▸ **Material for the task**
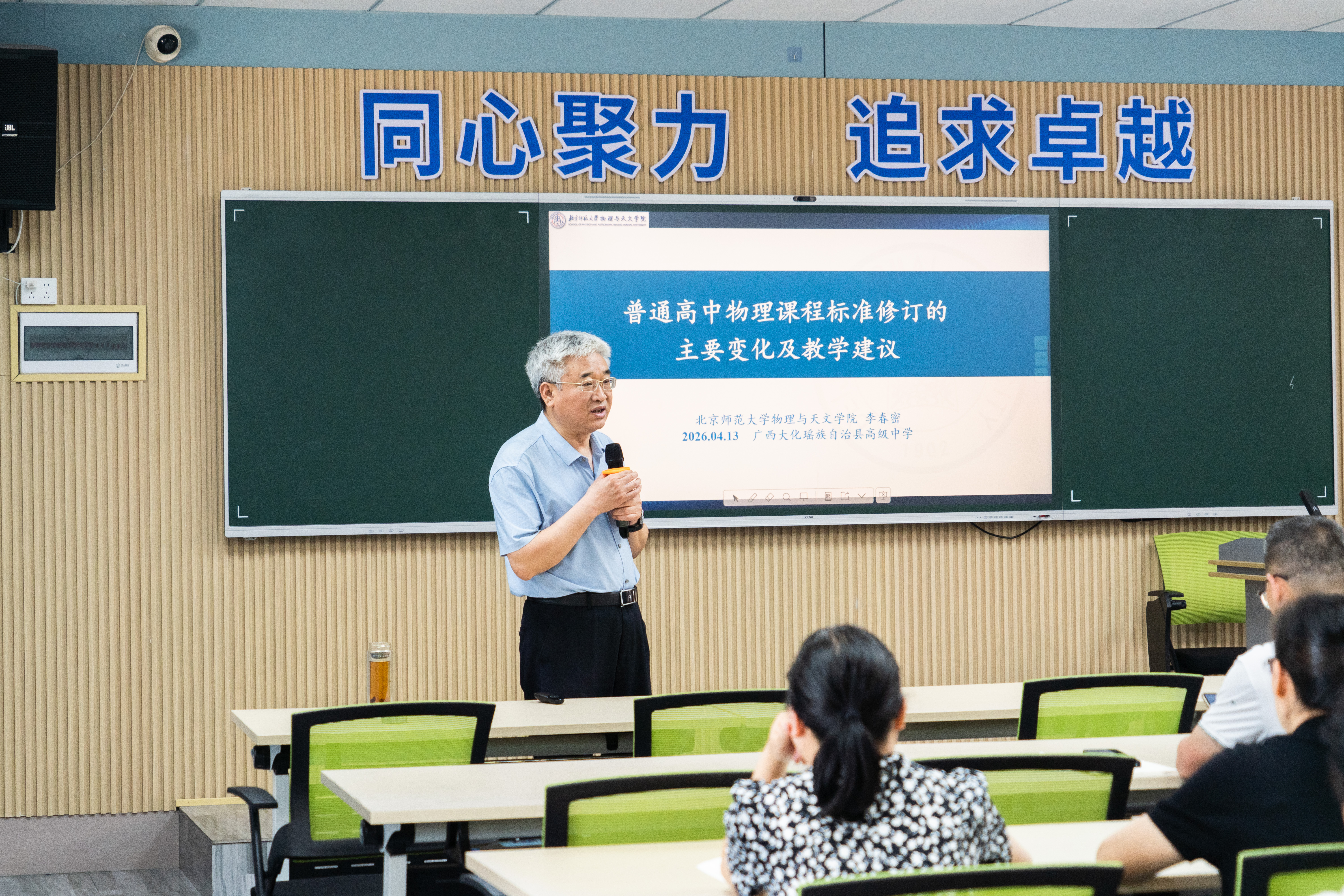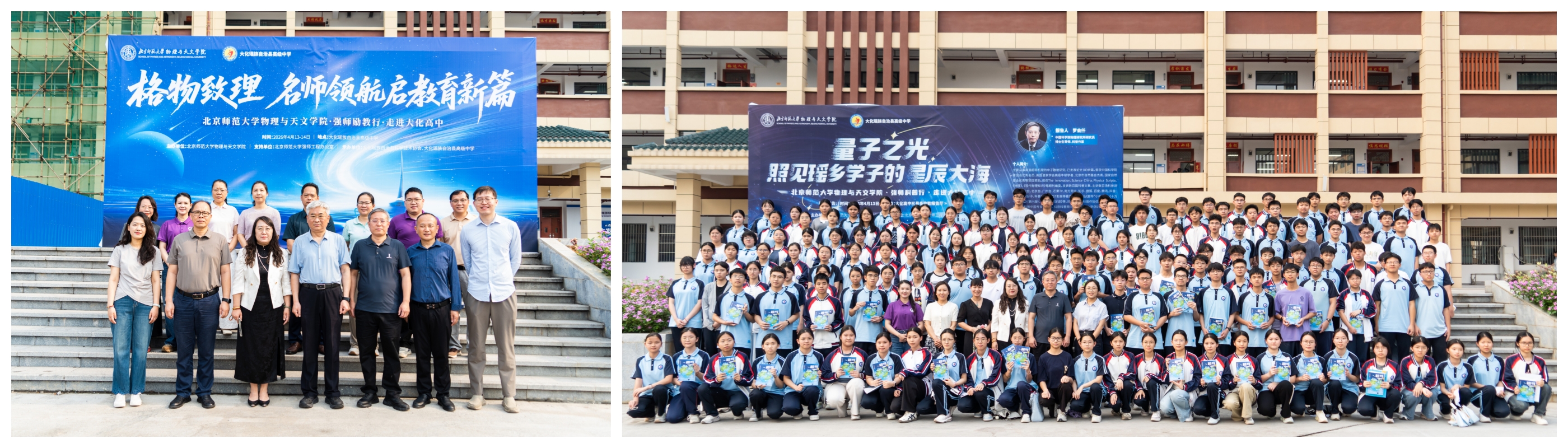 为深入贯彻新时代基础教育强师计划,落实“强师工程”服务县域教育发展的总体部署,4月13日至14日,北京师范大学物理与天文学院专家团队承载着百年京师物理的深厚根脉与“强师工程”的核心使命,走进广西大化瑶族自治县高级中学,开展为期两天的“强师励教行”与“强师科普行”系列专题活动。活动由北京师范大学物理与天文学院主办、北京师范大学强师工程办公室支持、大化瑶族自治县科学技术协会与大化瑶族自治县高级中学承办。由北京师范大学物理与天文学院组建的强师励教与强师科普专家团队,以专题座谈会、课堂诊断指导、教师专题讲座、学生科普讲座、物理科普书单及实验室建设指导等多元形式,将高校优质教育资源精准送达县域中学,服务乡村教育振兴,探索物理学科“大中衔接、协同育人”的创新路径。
---
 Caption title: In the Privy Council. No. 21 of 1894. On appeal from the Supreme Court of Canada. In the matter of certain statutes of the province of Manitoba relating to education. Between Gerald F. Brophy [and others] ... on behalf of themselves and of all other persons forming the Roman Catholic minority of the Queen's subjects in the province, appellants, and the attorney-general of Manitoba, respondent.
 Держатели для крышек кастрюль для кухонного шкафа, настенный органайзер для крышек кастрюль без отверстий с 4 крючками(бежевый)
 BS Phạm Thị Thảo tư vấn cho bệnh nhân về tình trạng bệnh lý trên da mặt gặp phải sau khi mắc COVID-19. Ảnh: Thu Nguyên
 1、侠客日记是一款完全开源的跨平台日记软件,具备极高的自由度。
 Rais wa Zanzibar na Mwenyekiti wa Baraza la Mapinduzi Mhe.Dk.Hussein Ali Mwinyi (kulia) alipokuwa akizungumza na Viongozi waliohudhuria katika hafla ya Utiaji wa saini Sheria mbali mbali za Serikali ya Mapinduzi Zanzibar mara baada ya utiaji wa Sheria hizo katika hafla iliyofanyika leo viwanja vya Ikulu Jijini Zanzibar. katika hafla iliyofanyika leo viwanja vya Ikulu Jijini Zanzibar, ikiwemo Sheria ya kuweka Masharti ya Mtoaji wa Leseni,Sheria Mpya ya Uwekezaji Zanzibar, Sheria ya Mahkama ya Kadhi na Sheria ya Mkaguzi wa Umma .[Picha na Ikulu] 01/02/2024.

▸ **Task requirements**
Your answer should be the lines above from the one containing "BS Phạm Thị" through the one containing "Rais wa Zanzibar", copied exactly and with both ends kept.

▸ **Task answer**
 BS Phạm Thị Thảo tư vấn cho bệnh nhân về tình trạng bệnh lý trên da mặt gặp phải sau khi mắc COVID-19. Ảnh: Thu Nguyên
 1、侠客日记是一款完全开源的跨平台日记软件,具备极高的自由度。
 Rais wa Zanzibar na Mwenyekiti wa Baraza la Mapinduzi Mhe.Dk.Hussein Ali Mwinyi (kulia) alipokuwa akizungumza na Viongozi waliohudhuria katika hafla ya Utiaji wa saini Sheria mbali mbali za Serikali ya Mapinduzi Zanzibar mara baada ya utiaji wa Sheria hizo katika hafla iliyofanyika leo viwanja vya Ikulu Jijini Zanzibar. katika hafla iliyofanyika leo viwanja vya Ikulu Jijini Zanzibar, ikiwemo Sheria ya kuweka Masharti ya Mtoaji wa Leseni,Sheria Mpya ya Uwekezaji Zanzibar, Sheria ya Mahkama ya Kadhi na Sheria ya Mkaguzi wa Umma .[Picha na Ikulu] 01/02/2024.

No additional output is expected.